§ **What you should do**: All entries are to be reproduced exactly; the pictures are to be omitted.
§ §
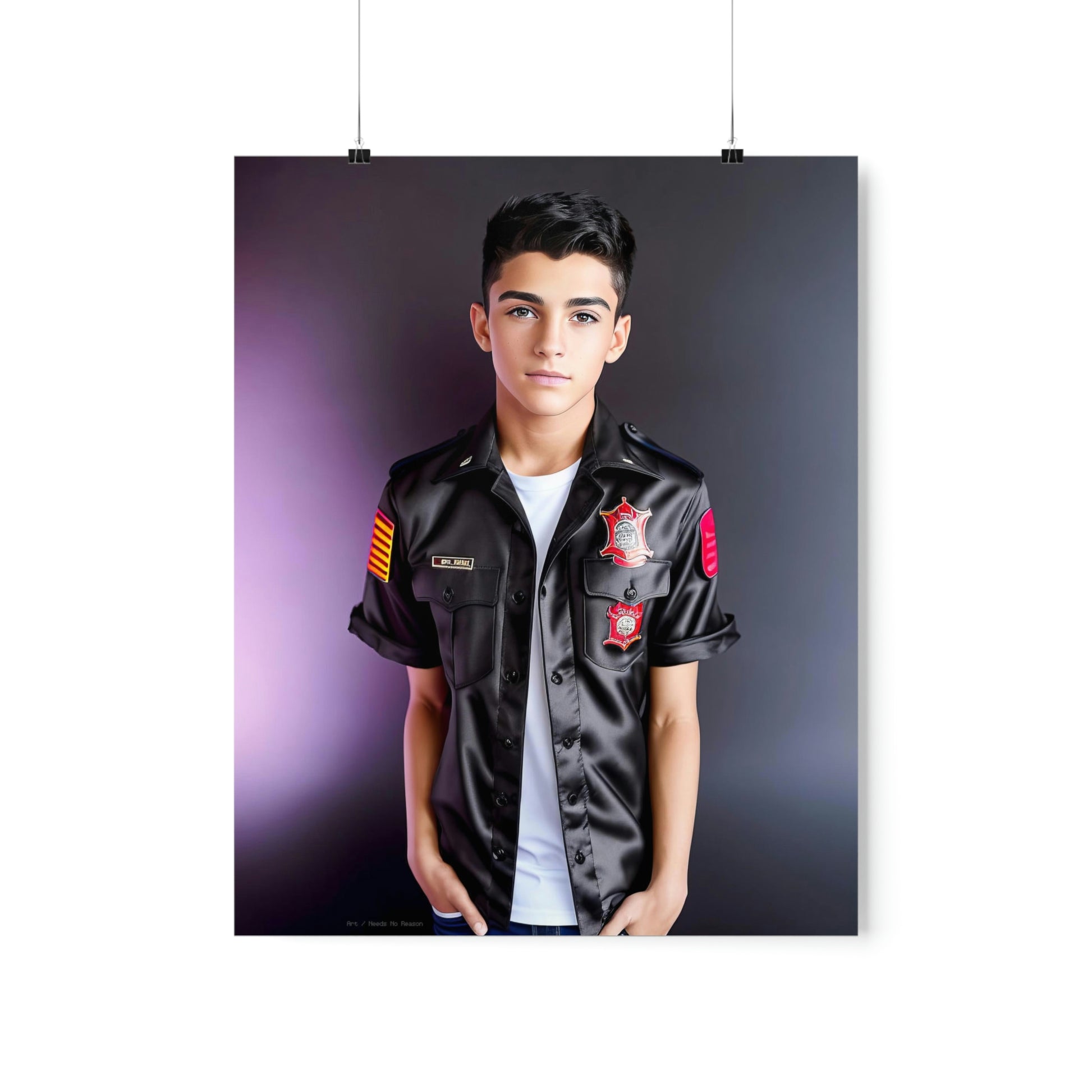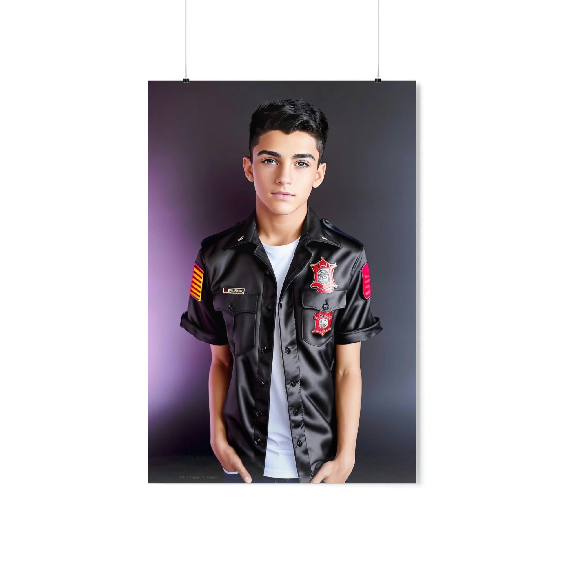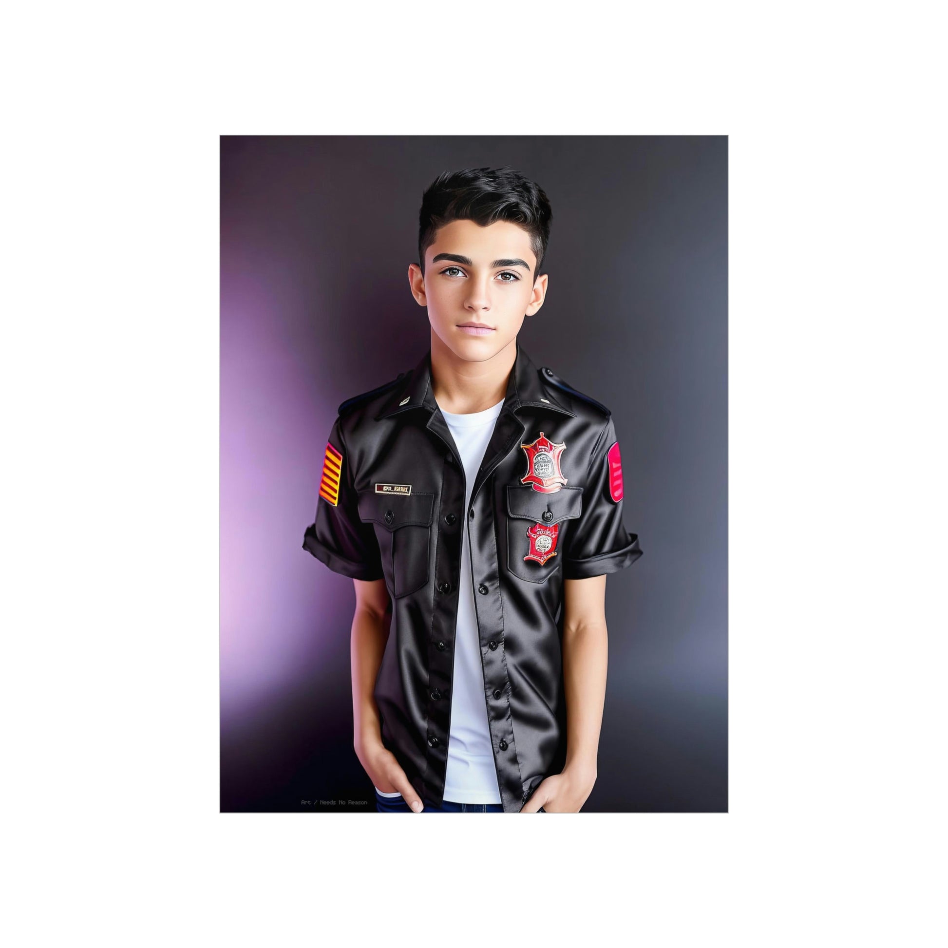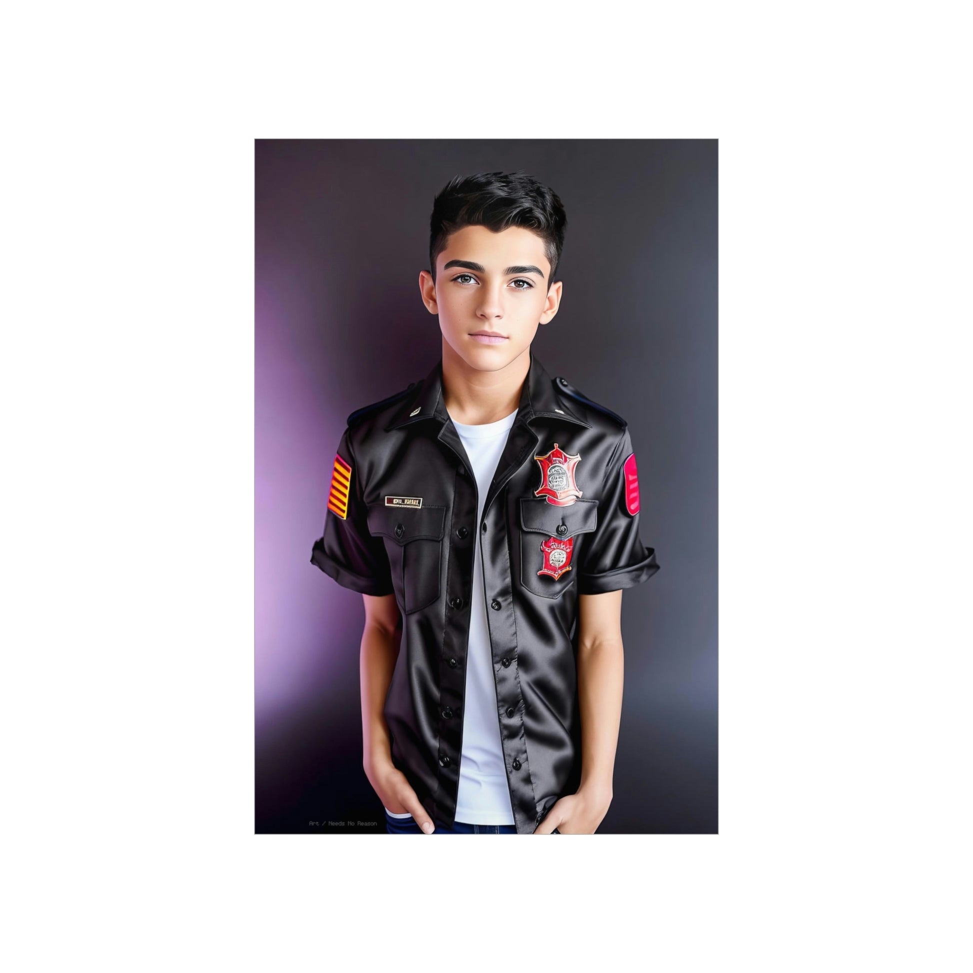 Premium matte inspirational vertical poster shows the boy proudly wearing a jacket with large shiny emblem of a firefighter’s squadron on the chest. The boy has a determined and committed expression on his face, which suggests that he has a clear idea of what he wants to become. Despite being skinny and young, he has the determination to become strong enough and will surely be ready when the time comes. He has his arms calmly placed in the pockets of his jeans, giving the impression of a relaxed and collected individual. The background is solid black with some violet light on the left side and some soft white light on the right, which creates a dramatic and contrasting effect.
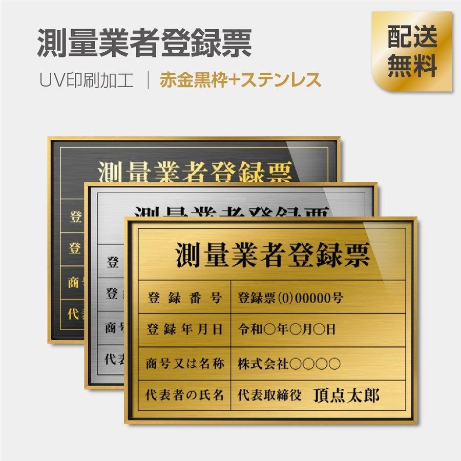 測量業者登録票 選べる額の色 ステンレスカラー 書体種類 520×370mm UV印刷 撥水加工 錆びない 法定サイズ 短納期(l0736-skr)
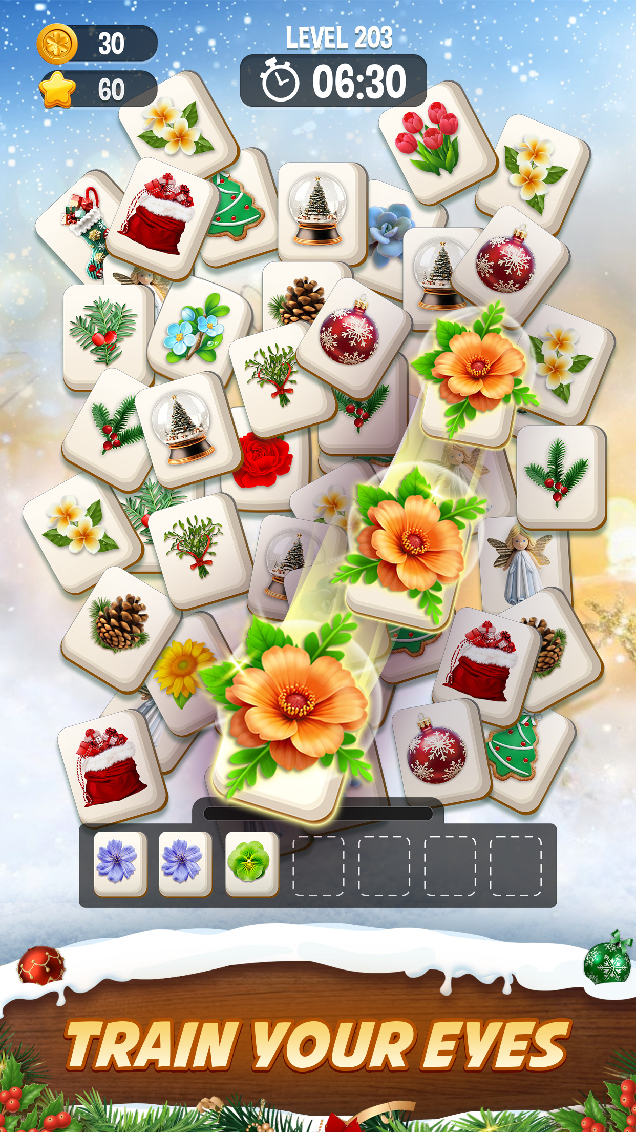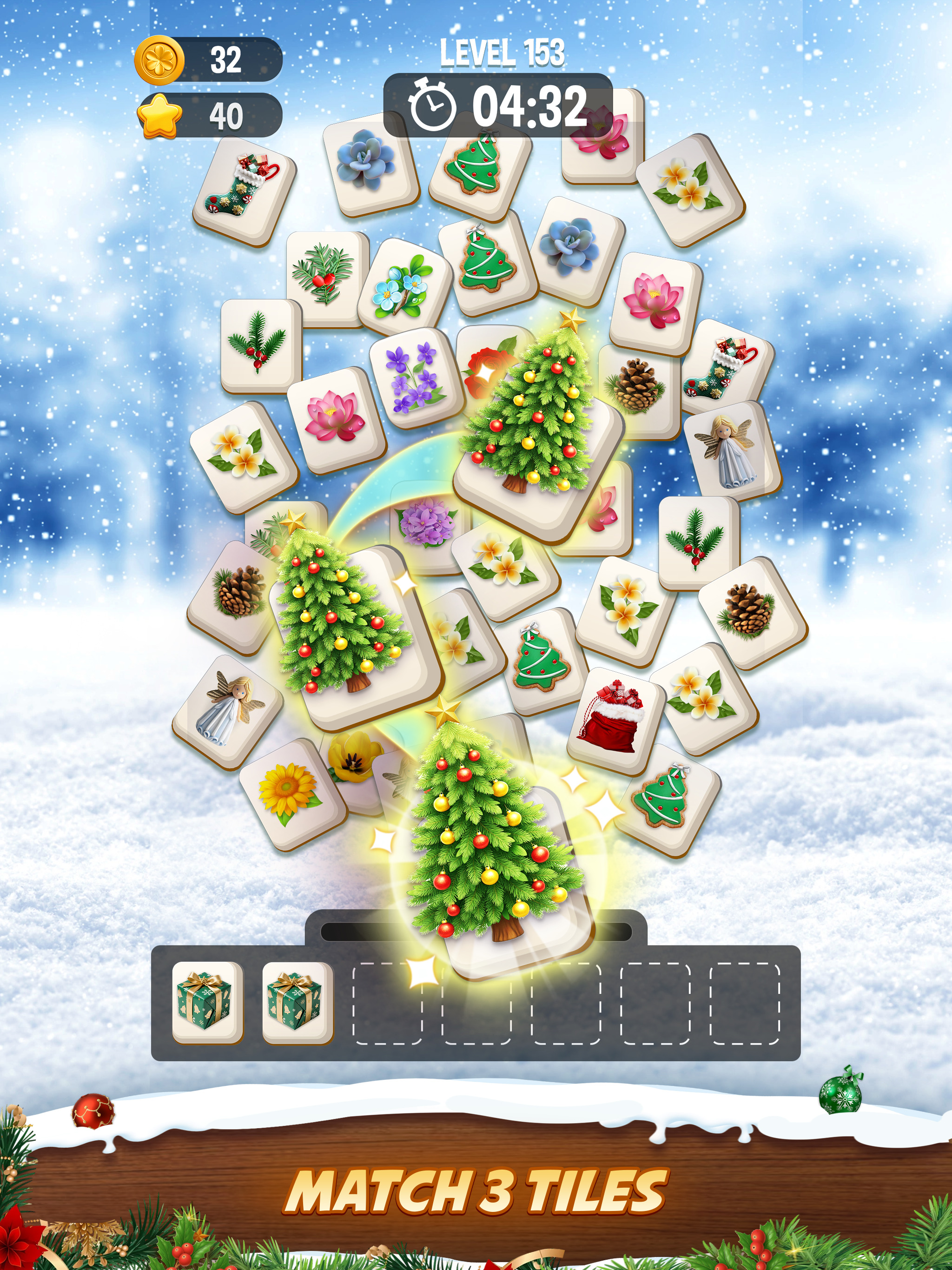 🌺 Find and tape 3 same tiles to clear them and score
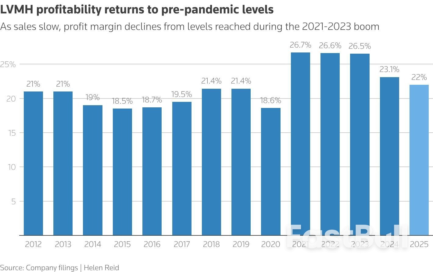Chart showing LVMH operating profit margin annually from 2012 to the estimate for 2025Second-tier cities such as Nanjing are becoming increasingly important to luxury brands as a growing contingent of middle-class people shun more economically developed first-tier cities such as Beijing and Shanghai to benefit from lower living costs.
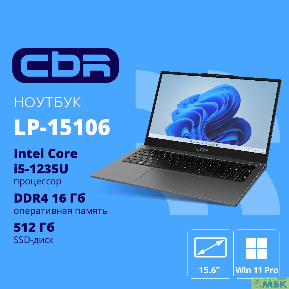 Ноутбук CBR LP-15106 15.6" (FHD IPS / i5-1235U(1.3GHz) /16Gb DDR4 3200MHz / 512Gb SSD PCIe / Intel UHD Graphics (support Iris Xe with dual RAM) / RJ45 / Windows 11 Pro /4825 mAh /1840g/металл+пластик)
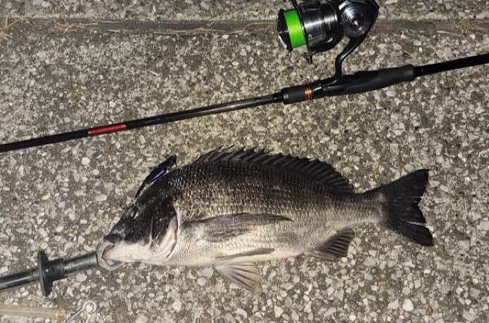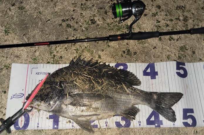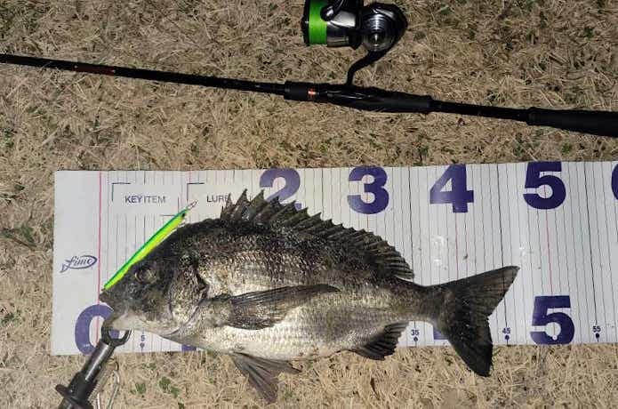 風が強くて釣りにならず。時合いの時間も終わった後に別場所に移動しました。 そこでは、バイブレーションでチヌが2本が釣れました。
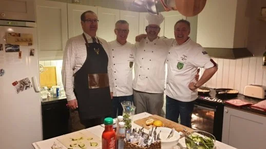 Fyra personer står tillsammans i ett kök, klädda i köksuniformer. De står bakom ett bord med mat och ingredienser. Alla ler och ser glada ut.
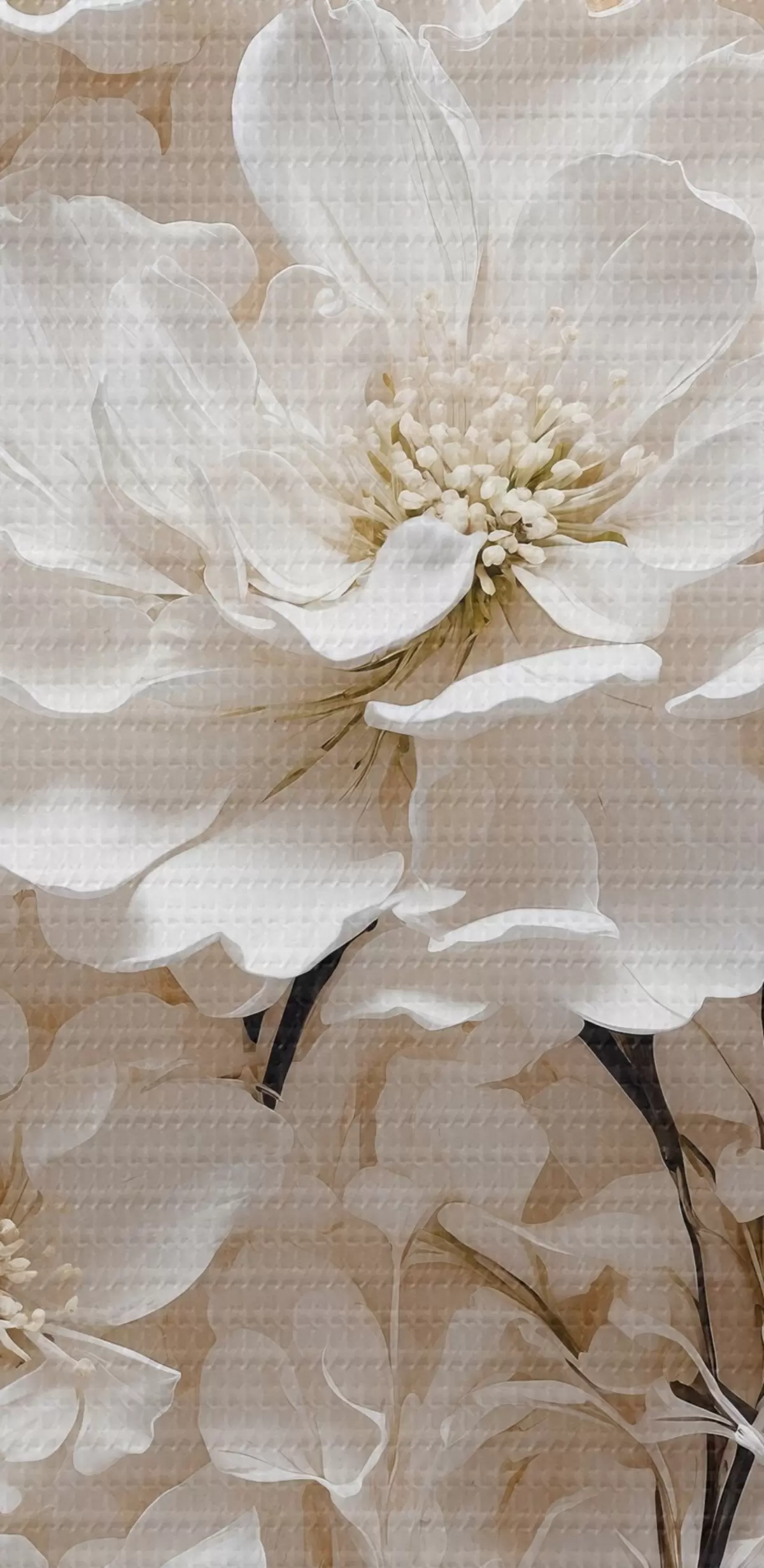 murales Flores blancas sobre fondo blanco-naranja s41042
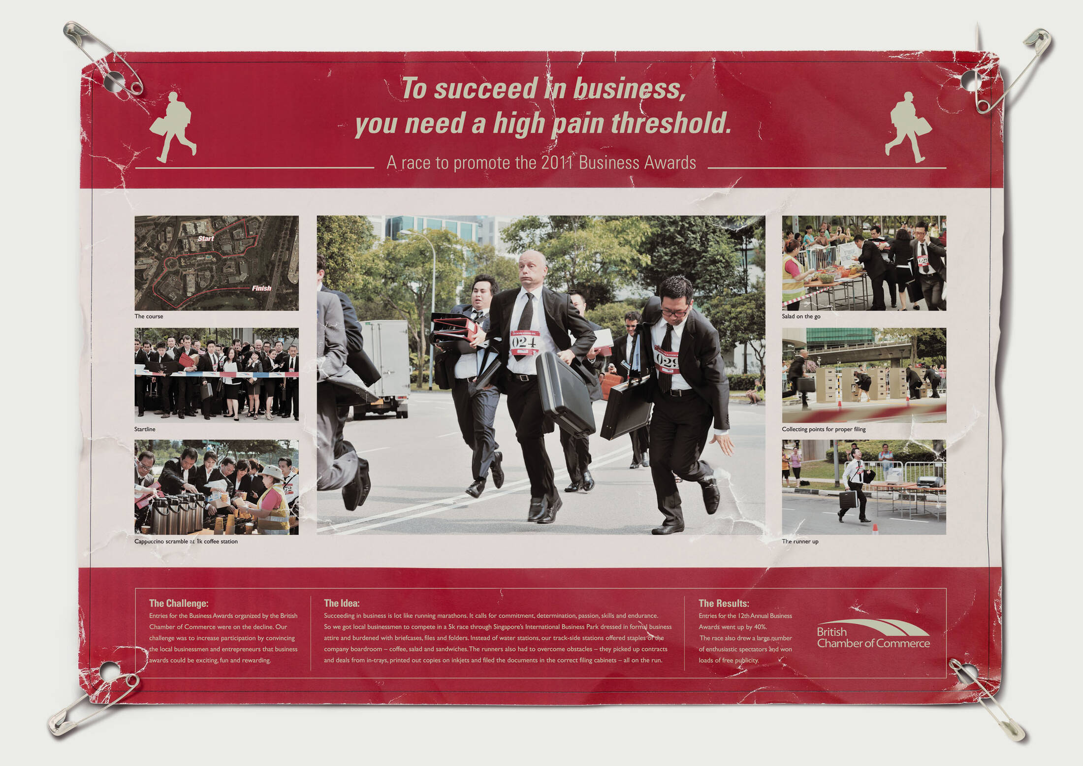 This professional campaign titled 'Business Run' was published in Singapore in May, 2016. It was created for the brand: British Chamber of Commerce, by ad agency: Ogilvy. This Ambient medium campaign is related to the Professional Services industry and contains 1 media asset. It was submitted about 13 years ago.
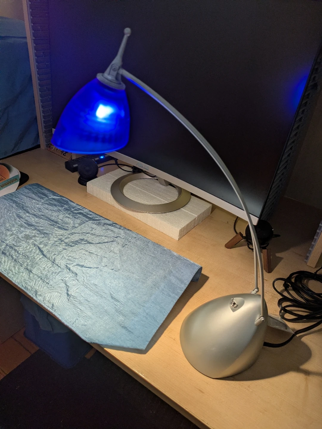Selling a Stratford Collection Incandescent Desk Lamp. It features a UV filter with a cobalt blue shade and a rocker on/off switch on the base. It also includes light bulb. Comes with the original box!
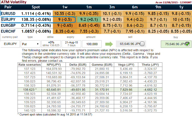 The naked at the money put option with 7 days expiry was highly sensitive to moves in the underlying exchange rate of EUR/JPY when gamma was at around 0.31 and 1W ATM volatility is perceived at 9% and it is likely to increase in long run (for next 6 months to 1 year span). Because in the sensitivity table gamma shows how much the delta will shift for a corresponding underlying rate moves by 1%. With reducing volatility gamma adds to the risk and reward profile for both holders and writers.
§ §
§ **Exercise output**:
 Premium matte inspirational vertical poster shows the boy proudly wearing a jacket with large shiny emblem of a firefighter’s squadron on the chest. The boy has a determined and committed expression on his face, which suggests that he has a clear idea of what he wants to become. Despite being skinny and young, he has the determination to become strong enough and will surely be ready when the time comes. He has his arms calmly placed in the pockets of his jeans, giving the impression of a relaxed and collected individual. The background is solid black with some violet light on the left side and some soft white light on the right, which creates a dramatic and contrasting effect.
 測量業者登録票 選べる額の色 ステンレスカラー 書体種類 520×370mm UV印刷 撥水加工 錆びない 法定サイズ 短納期(l0736-skr)
 🌺 Find and tape 3 same tiles to clear them and score
Chart showing LVMH operating profit margin annually from 2012 to the estimate for 2025Second-tier cities such as Nanjing are becoming increasingly important to luxury brands as a growing contingent of middle-class people shun more economically developed first-tier cities such as Beijing and Shanghai to benefit from lower living costs.
 Ноутбук CBR LP-15106 15.6" (FHD IPS / i5-1235U(1.3GHz) /16Gb DDR4 3200MHz / 512Gb SSD PCIe / Intel UHD Graphics (support Iris Xe with dual RAM) / RJ45 / Windows 11 Pro /4825 mAh /1840g/металл+пластик)
 風が強くて釣りにならず。時合いの時間も終わった後に別場所に移動しました。 そこでは、バイブレーションでチヌが2本が釣れました。
 Fyra personer står tillsammans i ett kök, klädda i köksuniformer. De står bakom ett bord med mat och ingredienser. Alla ler och ser glada ut.
 murales Flores blancas sobre fondo blanco-naranja s41042
 This professional campaign titled 'Business Run' was published in Singapore in May, 2016. It was created for the brand: British Chamber of Commerce, by ad agency: Ogilvy. This Ambient medium campaign is related to the Professional Services industry and contains 1 media asset. It was submitted about 13 years ago.
Selling a Stratford Collection Incandescent Desk Lamp. It features a UV filter with a cobalt blue shade and a rocker on/off switch on the base. It also includes light bulb. Comes with the original box!
 The naked at the money put option with 7 days expiry was highly sensitive to moves in the underlying exchange rate of EUR/JPY when gamma was at around 0.31 and 1W ATM volatility is perceived at 9% and it is likely to increase in long run (for next 6 months to 1 year span). Because in the sensitivity table gamma shows how much the delta will shift for a corresponding underlying rate moves by 1%. With reducing volatility gamma adds to the risk and reward profile for both holders and writers.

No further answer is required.